From the beginning, our vision was to create a school destined for all Children of God, mainly Palestinian Arabs, Christians, and Muslims. Whenever possible, Jewish students are included as well. We wanted the school to be distinguished by creating unity within the diversity of affiliation. Father Chacour continues repeating that we are born babies with the same identity, being created in the image and on the like of God. And we educate our children with readiness to discover in the other a brother and never to look for the enemy in our neighbors much as for the potential friendship.
Father Chacour constantly asks from the students and the body of teachers, whenever they see him, whether on campus or off campus, to give him a "smile of hope." Being together, we are not household and guests; we are all partners in protecting our dignity and building a human future for all of us. We want our new generation to be considered part of a whole, and each part is vital to the others. Our young people must understand that hatred, madness, ignorance, and agony spell destruction. We want our young people to work for construction. It is hard to achieve because you need reconciliation, sacrifice, compassion, love, and vision. Vision without actions is a daydream. Actions without vision are a nightmare. Construction is not easy, but it is the way of Christ. Jesus sacrificed himself to show us the way of love and compassion.
We are all born babies
People are not born Christian, Jew, Muslim, American, German, Mexican, or a police or military person. Everyone is just born a baby in the image and likeness of God. When we meet someone hostile towards us, we must remember that we face a father, son, daughter, wife, mother, sister, or brother who is a human being just as we are. Treating people with respect, dignity, and love gives them a chance to put their hostility aside and show respect for others.
Mar Elias Educational Institutions include a kindergarten, elementary, junior high, and high school. The institution is under the direction of a Board which includes the founder and retired archbishop Elias Chacour. The institutions are located in Ibillin, an Arab village in northern Israel. Arab students from all over Galilee gather at the institutions. The Institution serves Muslim (60%) and Christian (40%) students while extending an invitation to students of other religions.
The institution is a secular school, started as a high school and a kindergarten in the early 1980s.
Mar Elias has become a shining beacon of hope for all people of the Holy Land and worldwide. MEEI was the inspiration of Father Elias Chacour, who also served as the Archbishop of the Melkite Catholic Church of Akko, Haifa, Nazareth, and all Galilee from 2006 until his retirement in 2014. In 1965, when Father Chacour became the parish priest of St. George Melkite Catholic Church in Ibillin, he realized that the future of the villagers in Ibillin, the citizens of the state of Israel, and indeed all of God's children in the Holy Land, would depend on educating the young in the ways of peace, reconciliation, respect, and justice.

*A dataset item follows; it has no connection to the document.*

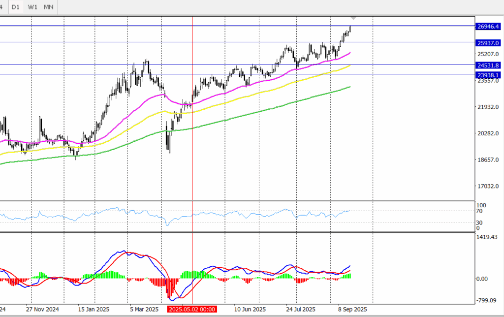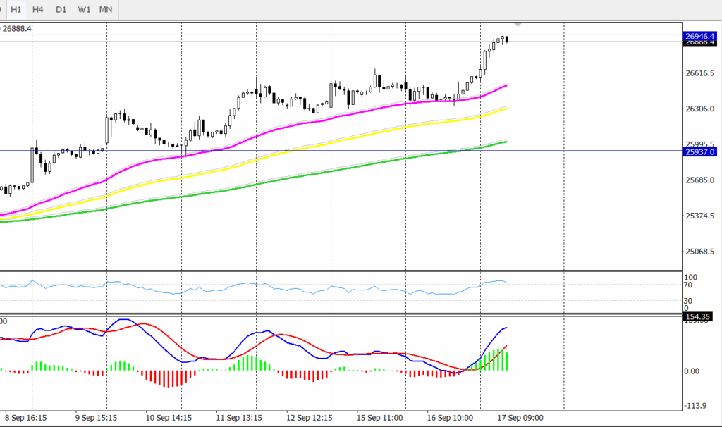 Today’s high is acting as a strong resistance. A clear day close above the 26946 level could pave the way toward 28238, which is the high of July 15, 2021. This level has never been tested since that time.

Father Chacour thus began his life's work to build schools to educate children of all ethnic and religious backgrounds based upon these principles. That vision is now alive in the schools of Ibillin for more than 3,000 students and faculty of Christian, Jewish, Muslim, and Druze heritage, who study and teach together as one community of learning and service. The amazing growth of MEEI from a few students to more than 3,000 in just a few years reminds us of Jesus' miracle of transforming a few loaves of bread and fish into enough for 5,000 to be fed.
The total enrollment is close to 2,500 students, of which 1,000 are in high school. High school students from a 50-mile radius attend school. The high school is among the top-ranked schools in all of Israel. Archbishop Chacour arrived in the village of Ibillin upon his appointment as the Abuna for the St. George Melkite Catholic Church by the then Archbishop of the Diocese of Haifa, Akko, Nazareth and all of Galilee in 1962. One of his first concerns was the children's education, knowing that future opportunities would be minimal without education. First came a library, summer camps, then a nursery school and kindergarten, then the high school, and finally the grammar school, which eventually became grades 1 through 8. In 2004, a new elementary school building was opened. The Middle School is located in the building formerly the high school, a short distance from the elementary school.